# HD28V Demo



## guitarman2 (Aug 25, 2006)

This guitar that I just recently picked up has to be one of the best sounding acoustics I've ever played. And over the past 30 years I've owned or played many great guitars.
Just a little demo I recorded as an example. It doesn't sound quite as good after the compression from uploading but it gives you an idea.

http://www.soundclick.com/bands/default.cfm?bandID=914402&content=songinfo&songID=8391431


----------



## zdogma (Mar 21, 2006)

Nice demo, it really is a nice sounding guitar. I've been very impressed with the quality and consistency of the "V" series guitars in the last few years. The HD 28V is one of my all time favorite acoustics.

When I bought my OM18V, I had the opportunity to try it head to head with a Larrivee OM50 and a Collings OM1, and it was just a touch louder and the equal of both in term of tone and build quality.

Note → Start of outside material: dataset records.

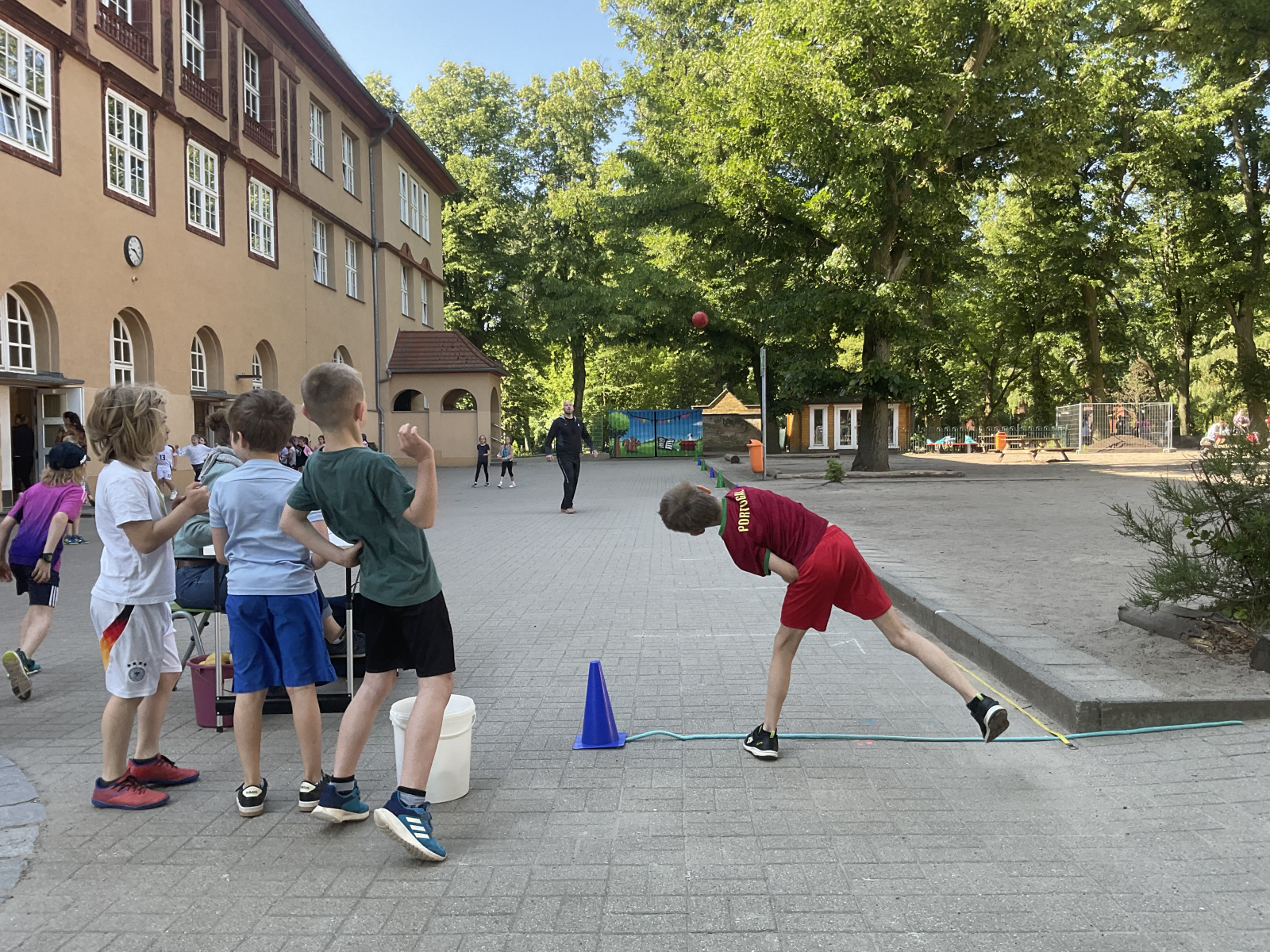 Am vergangenen Freitag, den 13. Juni, fand unser erstes Sportfest des Jahres statt. Der „Unglückstag“ hat uns dabei zum Glück keine negativen Geschehnisse beschert. Bei traumhaften Wetter mit Sonnenschein ging es für die Klassenstufen 3 bis 6 darum, an zehn Stationen ihr Können zu beweisen.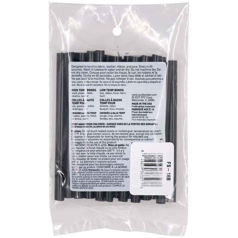 Surebonder Black Fabric Hot Glue Stick, Mini Size 4" L, 5/16" D - 18 Pack, Machine Washable, Use with High Temperature Glue Guns - Made in USA (FS-18B)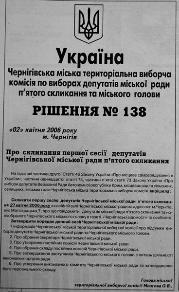 Скликати першу сесію депутатів Чернігівської міської ради п’ятого скликання 27 квітня 2006 року в сесійній залі Чернігівської міської ради за адресою: м.Чернігів, вул Магістрацька,7, про що повідомити депутатів міської ради п’ятого скликання та новообраного Чернігівського міського голову в газеті «Чернігівські відомості» та особисто. Затвердити порядок денний сесії Чернігівської міської ради: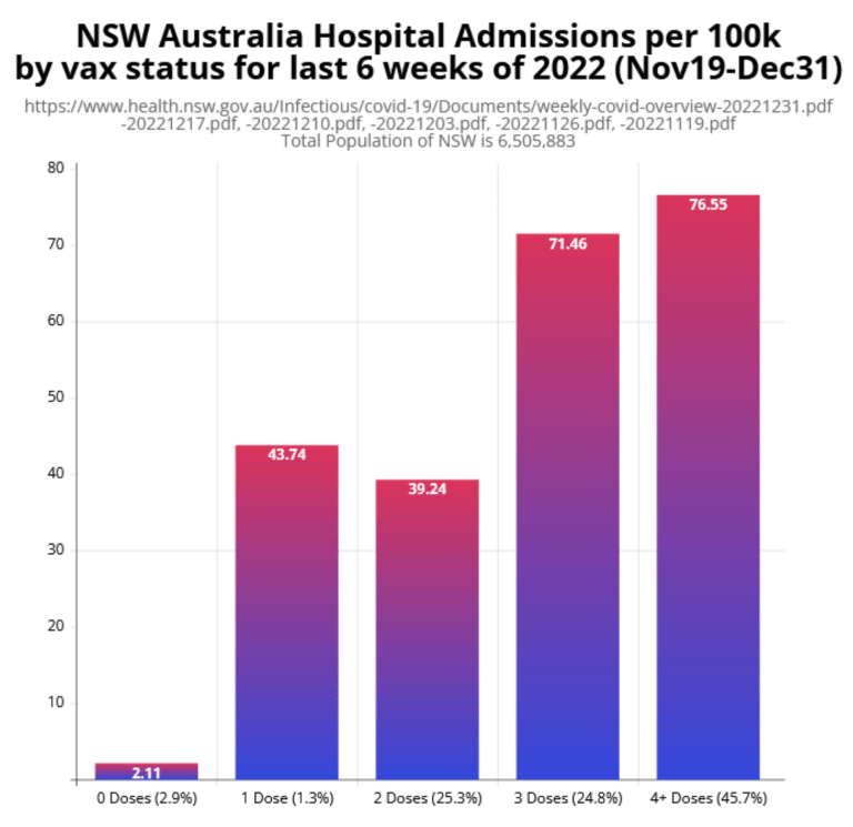The population of NSW in Australia is 6½ million people. They are a highly vaccinated group. Looking at the Australian Government data for the last 6 weeks of 2022 we see that.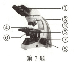 7. (2024·北京西城期中)显微镜是生物学研究中常用的观察仪器,它能帮助我们观察到肉眼无法看到的细微结构,请据图回答下列问题。

I found it suprisingly open for a guitar "straight out of the box"


----------



## Jeff Flowerday (Jan 23, 2006)

How about the OM-28V, anyone handle one lately?


----------



## guitarman2 (Aug 25, 2006)

zdogma said:


> Nice demo, it really is a nice sounding guitar. I've been very impressed with the quality and consistency of the "V" series guitars in the last few years. The HD 28V is one of my all time favorite acoustics.
> 
> When I bought my OM18V, I had the opportunity to try it head to head with a Larrivee OM50 and a Collings OM1, and it was just a touch louder and the equal of both in term of tone and build quality. I found it suprisingly open for a guitar "straight out of the box"


Yes thats exactly what I thought. That it was very open sounding for a brand new guitar.


----------



## JonF (Sep 4, 2009)

Very nice!


----------



## simescan (May 15, 2007)

Beautiful sound,..great tune, Terry....


----------